Había estado preparándose para la visita, estaba dispuesta a conversar a solas con el hombre que le había salvado la vida hasta en dos ocasiones. Quería darle las gracias por lo que había hecho por ella, aunque eso conllevara rememorar el día que todo ocurrió. Pero justo ahora que se encontraba allí dentro, a tan solo unos metros de distancia, dudó... se quedó unos instantes quieta en silencio. Podía escuchar su respiración; finalmente se decidió:

—David, soy Rania. —Permaneció de pie todavía a unos metros de la cama. Estaba nerviosa. Quizá él le hablaría del pasado, era un riesgo que tenía que correr, aunque fuese un mal trago lo tenía que aceptar. «De bien nacido es ser agradecido», eso le habían enseñado en su familia. Por ello debía estar allí, para transmitirle su agradecimiento. Pasaron unos segundos sin obtener respuesta, por lo que se acercó al otro lado de la cama.

Estaba dormido. Observó detenidamente su perfil, la nariz, los labios, el cabello rubio; ¡era tan distinto a los hombres que habitaban Jericó! «Pero realmente bello», pensó. Se quedó allí quieta frente a él.

Anteriormente solo había visto a Ackermann en cuatro ocasiones y dos de ellas habían sido situaciones de extrema violencia. Nunca habían mantenido una conversación normal, y tampoco sabía nada de él; sin embargo, en ese preciso instante sintió algo inexplicable, como una fuerza cautivadora. De manera instintiva le acarició la muñeca con la mano. Después acercó muy despacio su cara a la de él y lo besó en la mejilla.
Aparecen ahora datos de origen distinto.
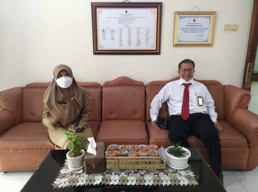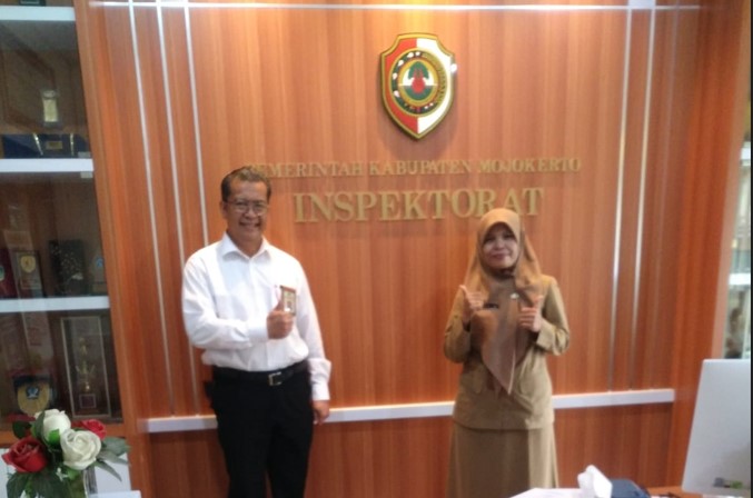 Kepala Kantor Pelayanan, Penyuluhan, dan Konsultasi Perpajakan (KP2KP) Mojosari Rahmat Basuki bersama Kepala Kantor Pelayanan Pajak (KPP) Pratama Mojokerto Syaiful Rakhman melakukan kunjungan ke Inspektorat Kabupaten Mojokerto di Jl. R.A Basuni No.19c, Sooko, Kabupaten Mojokerto (Senin, 13/6).
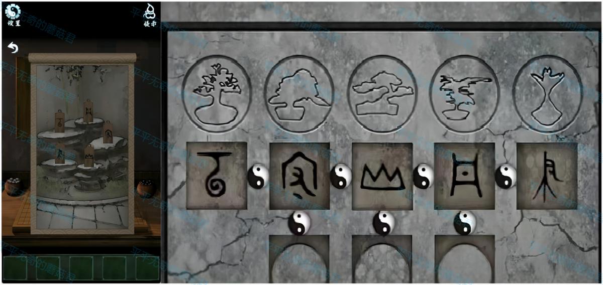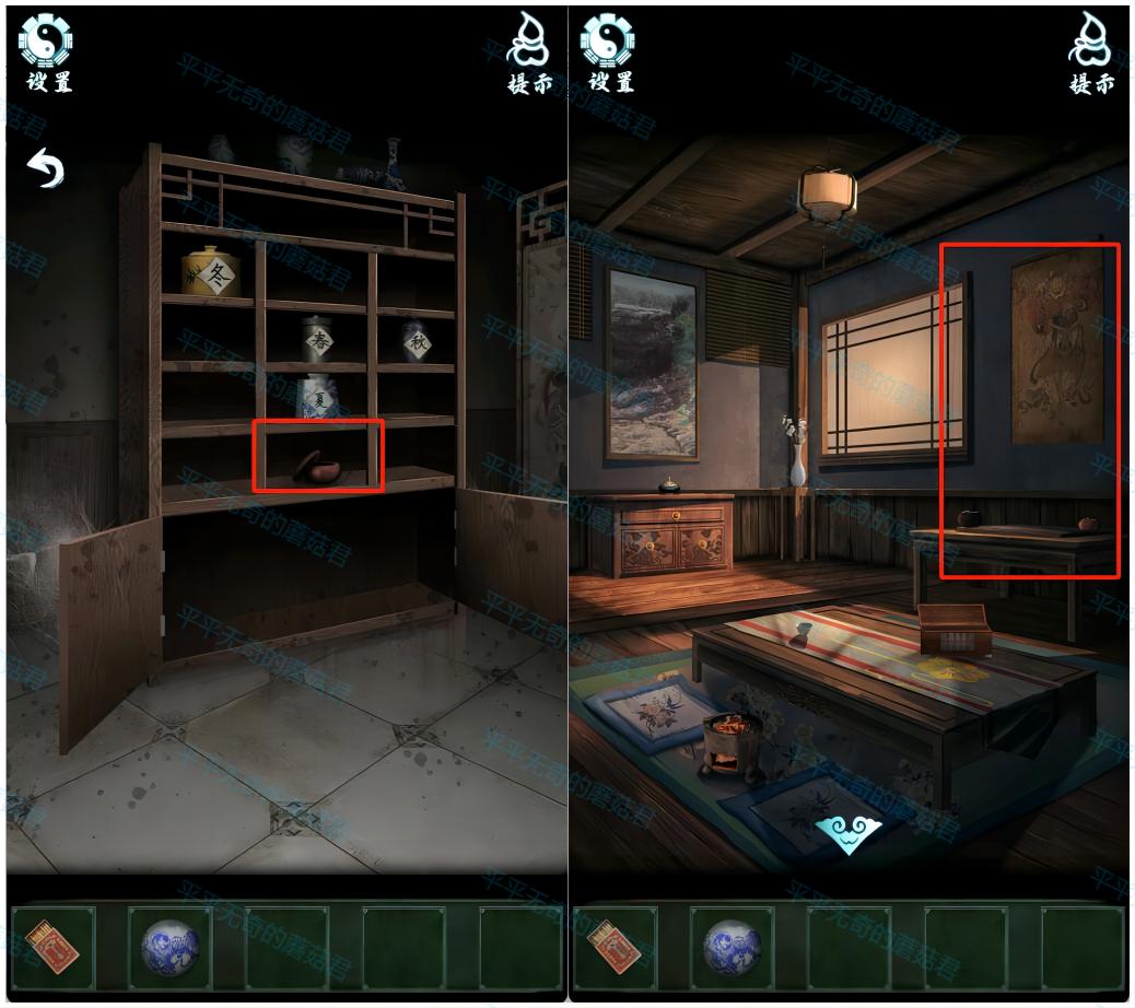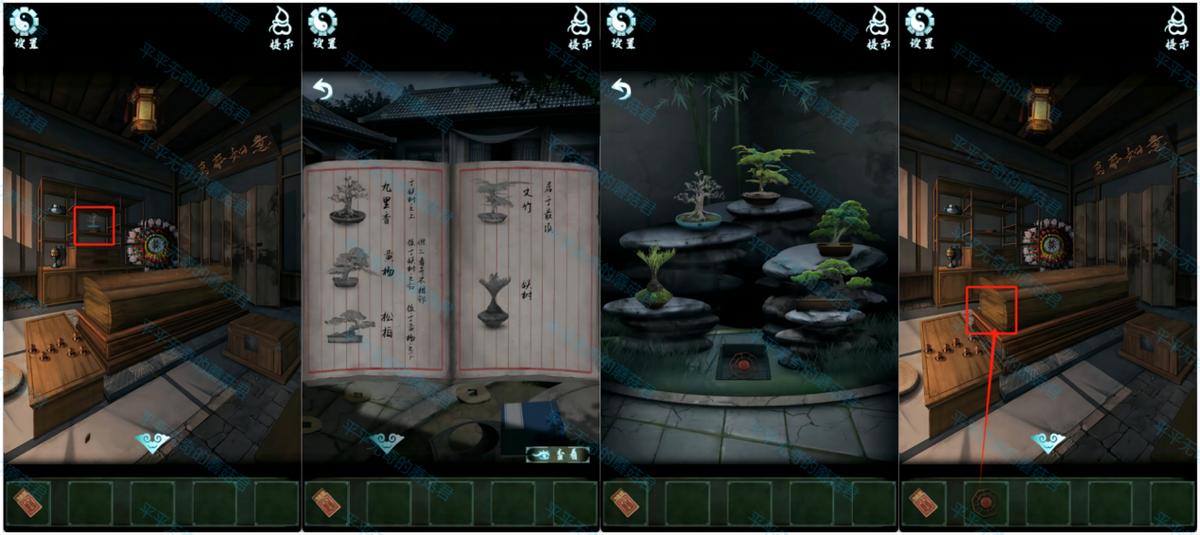 十一、打開正屋後,拿到盆栽,退出房間,來到假山上,放上盆栽,再根據之前的提示,移動盆栽的位置,然後獲得八卦盤,之後再來到棺材的凹槽處,放上八卦盒。

—Gracias —susurró con ánimo de no despertarle y con la esperanza de que ese acto quedara grabado en sus sueños. Sorprendida por lo que había hecho, algo avergonzada pero al mismo tiempo colmada de una singular felicidad, dio media vuelta y se retiró silenciosamente de la habitación. Una vez fuera, pasó por delante de la zona de enfermeras y las saludó con una amplia sonrisa.